Not a Public Service Announcement, but still Interesting
You’ll notice the Binary Defense link I just provided thanks “MalwareTechBlog” for initiating the kill switch that shut the worm off. It points out that this move undoubtedly saved lives. I think the idea is that by shutting the malware off early (US time) on Friday morning, this move greatly inhibited its spreading here, since most workers weren’t in their offices yet and able to open the phishing emails that spread the worm.

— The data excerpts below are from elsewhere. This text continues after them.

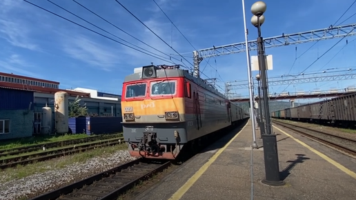 ЭП1-027 с пассажирским поездом отправляется со станции Слюдянка
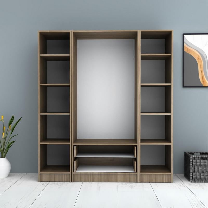 - Στο εσωτερικό της φέρει μία μεταλλική βέργα για κρεμάστρες και ράφια για μεγαλύτερη αποθήκευση. Στο κάτω μέρος φέρει δύο πρακτικά συρόμενα συρτάρια.
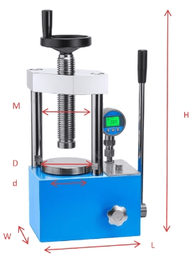 แผนผังแสดงขนาดของเครื่องอัด ผง |
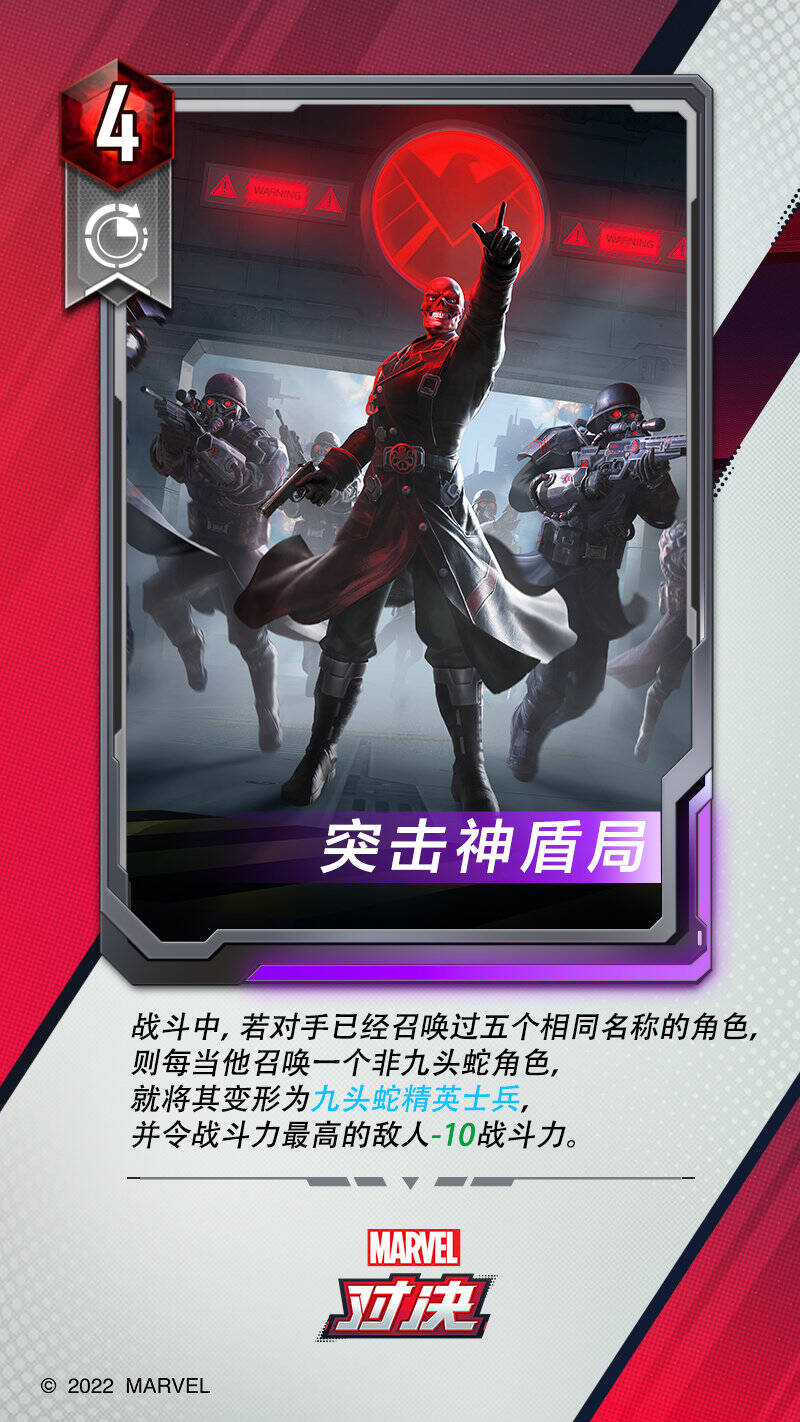 九头蛇再次对神盾局发动突击!针对高频召唤的全新事件卡[突击神盾局]将于本周更新后登录《漫威对决》
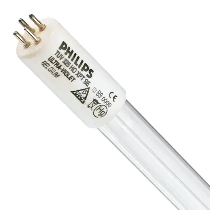 "GEVAAR: Risico Groep 3 - Ultraviolet product. Deze producten zijn bedoeld voor disinfectie en kunnen niet voor algemene verlichting gebruikt worden. De producten produceren hoog vermogen UV-C licht, dat ernstig letsel aan de huid en ogen kan veroorzaken. Vermijd blootstelling aan ogen en huid. Alleen gebruiken in een afgesloten omgeving die gebruikers beschermt tegen het UV-C licht. In het geval van breken van een lamp volg deze voorschriften: ventileer de kamer 30 minuten en verwijder daarna de losse onderdelen. Gebruik hierbij handschoenen. Leg de losse onderdelen in een afgesloten verpakking (plastic zak) en breng het naar uw plaatselijke milieustraat als chemisch afval. Gebruik geen stofzuiger."
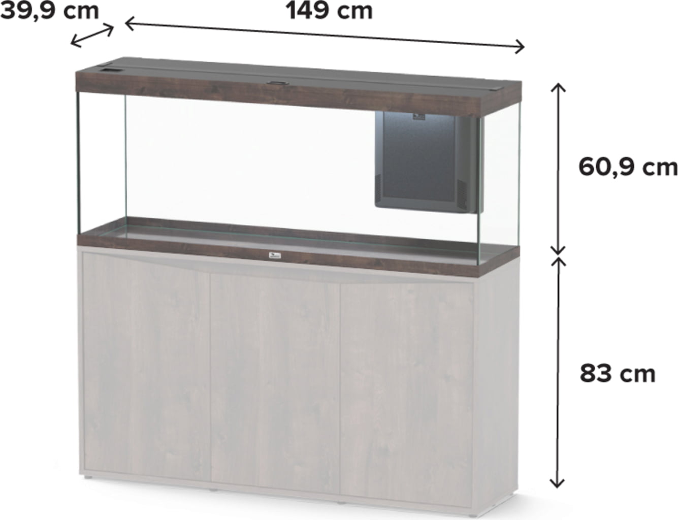Akvariets mått (LxBxH) | 149 x 40 x 61 cm |

But it turns out that the unnamed person behind MalwareTechBlog didn’t actually know he was killing it – you can read the story here. Of course, he still deserves lots of accolades (if he were willing to come forward) and perhaps a Presidential Medal of Freedom. But it just proves an adage I’ve repeated since I was a boy (20 years ago): “Rational planning is good, but in the end there’s no substitute for dumb luck.”

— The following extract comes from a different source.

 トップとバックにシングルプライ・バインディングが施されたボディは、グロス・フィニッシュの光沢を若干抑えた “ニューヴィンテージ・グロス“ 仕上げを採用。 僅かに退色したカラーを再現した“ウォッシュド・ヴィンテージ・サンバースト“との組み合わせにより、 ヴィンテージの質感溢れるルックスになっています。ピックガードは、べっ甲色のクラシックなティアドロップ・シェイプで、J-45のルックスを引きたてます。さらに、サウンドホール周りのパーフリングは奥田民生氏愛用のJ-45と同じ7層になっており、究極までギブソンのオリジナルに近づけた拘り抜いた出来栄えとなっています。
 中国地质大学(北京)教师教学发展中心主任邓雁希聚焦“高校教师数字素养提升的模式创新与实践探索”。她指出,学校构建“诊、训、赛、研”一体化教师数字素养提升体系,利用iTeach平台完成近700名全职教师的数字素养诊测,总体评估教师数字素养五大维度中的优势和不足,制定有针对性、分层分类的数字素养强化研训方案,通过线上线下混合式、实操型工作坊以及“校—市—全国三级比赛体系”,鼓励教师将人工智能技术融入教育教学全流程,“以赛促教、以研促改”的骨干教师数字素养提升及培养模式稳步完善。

Also not a Public Service Announcement, but also still Interesting
The exploit that made WannaCry so effective was one that had been stolen from the NSA and dumped online by the Shadow Brokers group; this group has been linked to a certain country’s intelligence services. And guess which country – as of today, anyway – is listed as the number one victim of WannaCry? Hmmm…

The views and opinions expressed here are my own and don’t necessarily represent the views or opinions of Deloitte.

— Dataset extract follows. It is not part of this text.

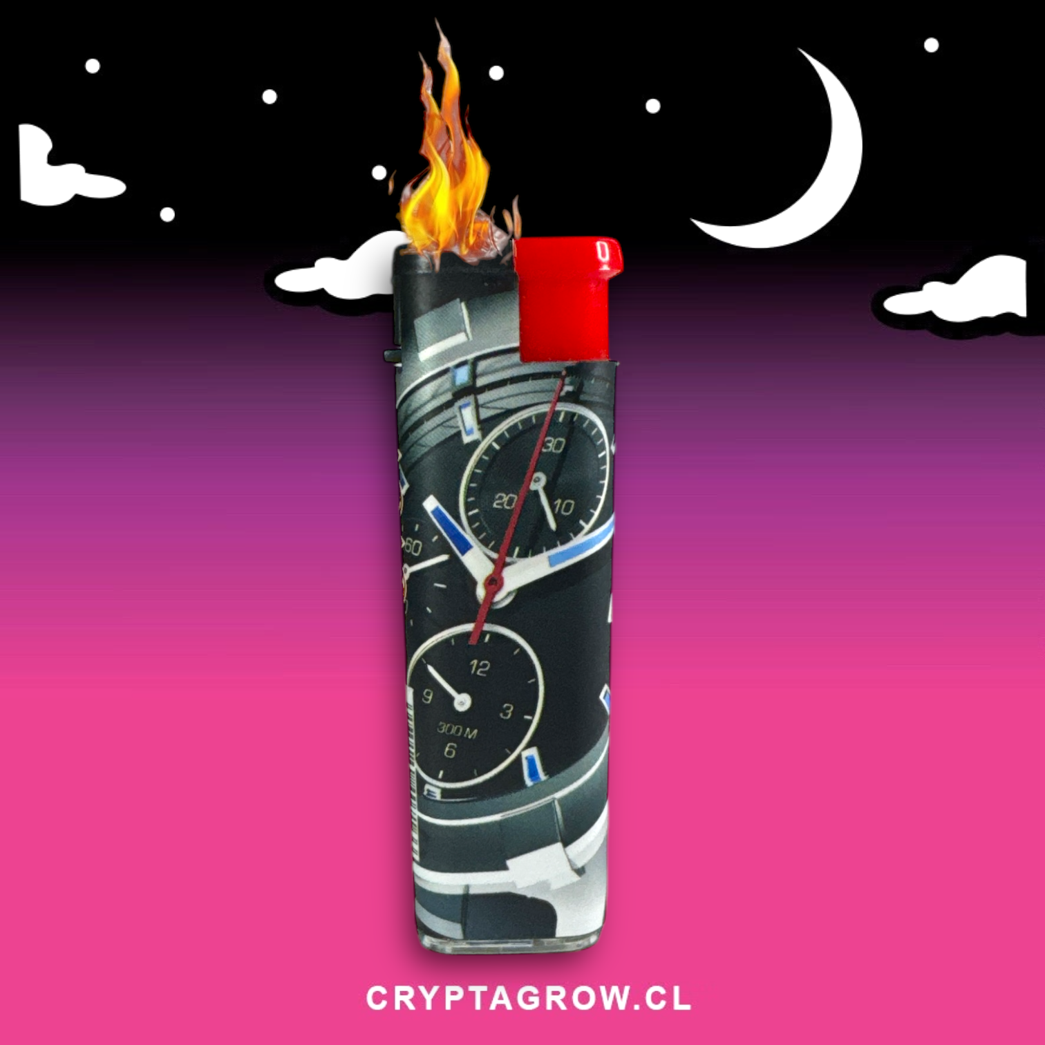 ENCENDEDOR CON LLAMA TIPO SOPLETE, CON DISEÑO DE RELOJ

[i] Other infrastructure events included factories that had to be shut down, and multiple government bodies in Russia that had to curtail operations.

[ii] More specifically, it is delivered on a “worm delivery system” built on the EternalBlue exploit.

[iii] Although the all-time champ for speed of spreading has to be 2003’s SQL Slammer, which infected its 75,000 victims worldwide within ten minutes. In fact, I read somewhere that this figure was something like 85% of the potential victims (MS SQL systems that hadn’t received a recent patch) worldwide. Talk about efficiency!

[iv] When I speak about health services, I’m not talking about patient data privacy. Cyber regulations like HIPAA in the US are already addressing that. What they aren’t addressing now is the infrastructure required to keep the health system running smoothly. Of course, individual hospitals, doctors’ offices, ambulance services, etc. have a lot of incentive to protect the systems required for their individual operations. But I don’t believe there’s any organization – like NERC for electric power – that is specifically charged with regulating cyber security for the purpose of maintaining reliability of the health care system.

[v] And if you’re not sure what should be in a mitigation plan, see my previous post.

Friday, May 12, 2017

What is a Patch Mitigation Plan?

Recently, a NERC entity emailed me with a question about CIP-007 R2, patch management. Specifically, the question was whether the mitigation plan needs to do more than simply explain why the patch can’t be installed at the time, and state that it will be installed by a specific future date; it seems their auditor had informed them that wasn’t enough.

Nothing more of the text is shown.